Tim’s current project studies the way people with Parkinson’s disease and Essential Tremor use deep-brain stimulator systems – where a pacemaker-like device implanted in the user’s chest applies electricity to electrodes implanted in the user’s brain – to manage their symptoms … Tim collects the users’ experiences through interviews and uses them to challenge philosophical theories about autonomy, self-control, and personal identity.

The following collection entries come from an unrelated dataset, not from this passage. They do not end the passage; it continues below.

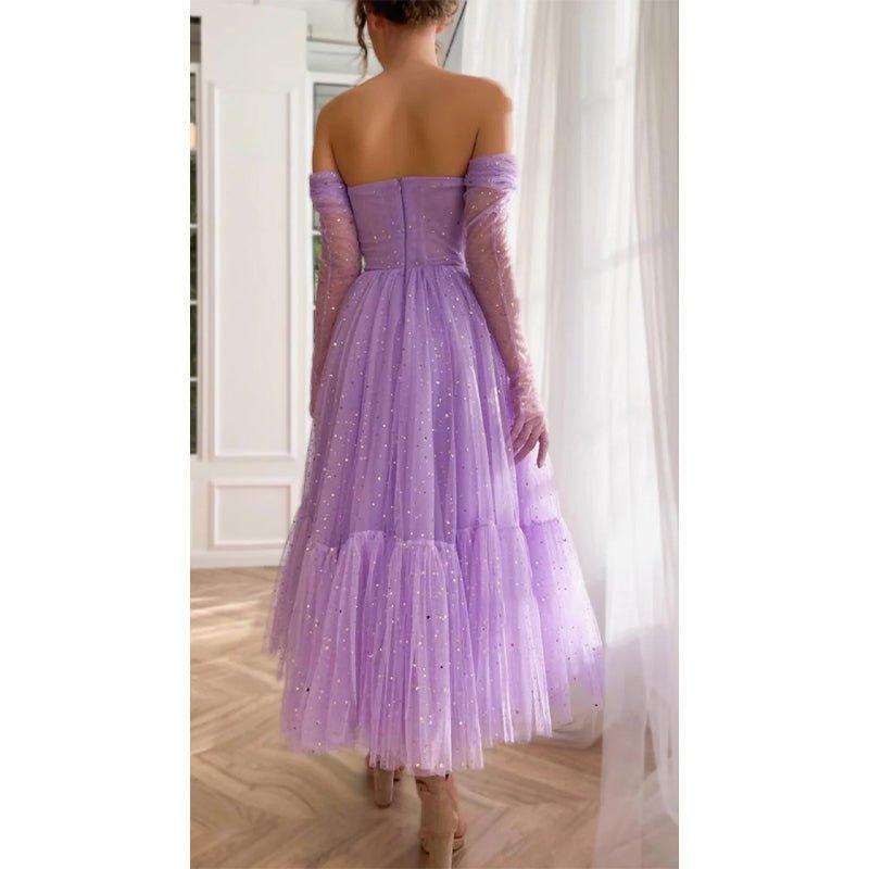 Vestido de graduación vintage de corte línea A con escote corazón, pliegues y mangas largas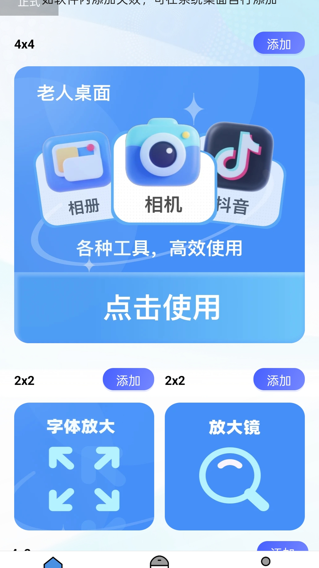 4、进入老人桌面板块中,提供更清楚放大镜和更清楚字体放大的功能,让用户随心选择使用。
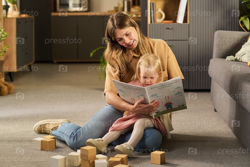 Молодая взрослая женщина читает сказку маленькой девочке в помещении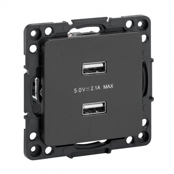 Стокгольм Механизм Розетки USB 2-местной 2,1А черный EKF PROxima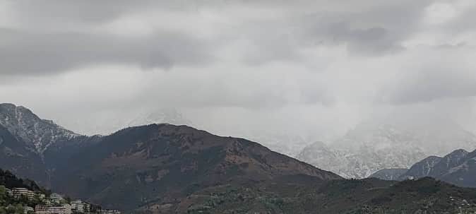 धर्मशाला। जिला कांगड़ा में रविवार सुबह मौसम के मिजाज में आए अचानक बदलाव ने पर्यटकों और आम जनमानस को धूप से राहत दी। आसमान में सुबह से ही काले बादलों का डेरा जमा रहा और तेज तूफान के साथ हुई हल्की बारिश से तापमान में गिरावट आई है। धौलाधार की पहाड़ियों सहित त्रियूंड और आदि हिमानी चामुंडा मंदिर की चोटियों पर हल्का हिमपात हुआ है।

Tim Brown (Philosophy) has received a prestigious Humanities Without Walls fellowship to attend a three-week institute in Chicago this summer as one of 30 doctoral students selected nationwide.

Humanities Without Walls is an initiative led by 15 humanities centers at Midwestern research universities to create new avenues for research, teaching, and the production of scholarship inside and outside the academy. It is funded by a grant from the Andrew W. Mellon Foundation and organized by the Illinois Program for Research in the Humanities at the University of Illinois, Urbana-Champaign.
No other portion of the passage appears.